При ближайшем рассмотрении оказывается, что добро и зло — вещи отнюдь не очевидные, и люди часто путаются, принимая черное за белое и белое за черное. Это касается не только маленьких детишек, сов­сем еще не искушенных в жизни, но и вполне зрелых мужей, в чьей опытности не приходится сомневаться. Миссия судьи нелегка. Давайте взглянем, в чем труд­ности понимания добра и зла, происходящие из самой природы этих сложных социокультурных явлений, и, чтобы не запутаться, пронумеруем все позиции:

1. Прежде всего, представления о добре и зле раз­личаются по эпохам и культурам. «Добро вообще», так же, как и зло «вообще» — не более чем абстракт­ные понятия. То, что хорошо, полезно и являет собой добро для эскимоса, может совсем не быть добром для папуаса просто в силу других условий его жизни, иных обстоятельств и иной культуры. Однако, обратимся к содержательным примерам. В наши дни в развитых странах несомненным добром считается равноправие полов, личная свобода в выборе супруга, право жен­щины выбирать себе профессию, в том числе занима­ться творчеством, наукой, руководящей деятельностью. Однако два-три века назад столь же определенно одо­брялось зависимое положение женщины, ее реальное бесправие, подчинение воле родителей и мужа. Россий­ским «Домостроем» ей вообще отводилось место лич­ного имущества супруга наряду с коровой и лошадью. Муж должен был держать жену в страхе. Недаром во­зникла пословица «Бьет — значит любит». Любая по­пытка противостояния этому рабскому положению рас­ценивалась как зло, аморальность и подрыв социальных основ. Западное феминистское движение, имеющее свои крайности, сложилось как борьба против зла дискрими­нации, которое все время считалось добром. Развитие культуры определило новое видение ситуации, позво­лило добиваться тех свобод, которые большинство на­селения стало воспринимать как добро.
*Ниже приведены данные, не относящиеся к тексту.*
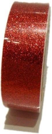 Taśma dekoracyjna brokatowa w czerwonym kolorze. Przydatna przy tworzeniu kartek, zaproszeń, pakowaniu prezentów, scrapbookingu, dekoracji wnętrz. Wymiary: 1 cm x 200 cm

Аналогичный пример можно привести уже не в от­ношении временных периодов (что думали раньше и что считают теперь), а в отношении культур. Если взять в самом широком смысле западную и восточную культуры, то мы увидим, что их ведущие ценности (а значит, и представления о добре) — противоположны. С точки зрения западного человека личностная инди­видуальность — величайшее добро. Надо быть лично­стью, уникальной, неповторимой. Это — и практиче­ская и нравственная цель. Добром считается также ак­тивность человека, его способность внедряться в при­роду, переделывать ее сообразно своим потребностям и целям. Человек-деятель, человек-завоеватель и поко­ритель — вот достаточно устойчивый идеал западного сознания. Наконец, разум —великое добро в запад­ном понимании. Но все это представляется отъявленным злом восточному сознанию. Для него неприемлем за­падный индивидуализм, желание все время делать се­бя «пупом земли». С точки зрения Востока стремление к утверждению и закреплению своей уникальности — роковая ошибка, самое настоящее зло, уводящее чело­века от истинной реальности безличного духа. Запад­ный активизм, калечащий природу, бесцеремонное вме­шательство в сбалансированные естественные процес­сы — тоже зло, как и частичный, однобокий разум, на основе которого западная цивилизация разрушает гар­монию естества. То есть, как видите, то, что в одной культуре проходит под знаком «плюс», в другой полу­чает недвусмысленный «минус». Это затрудняет про­цесс взаимопонимания представителей разных культур, выработку ими единого взгляда на добро и зло.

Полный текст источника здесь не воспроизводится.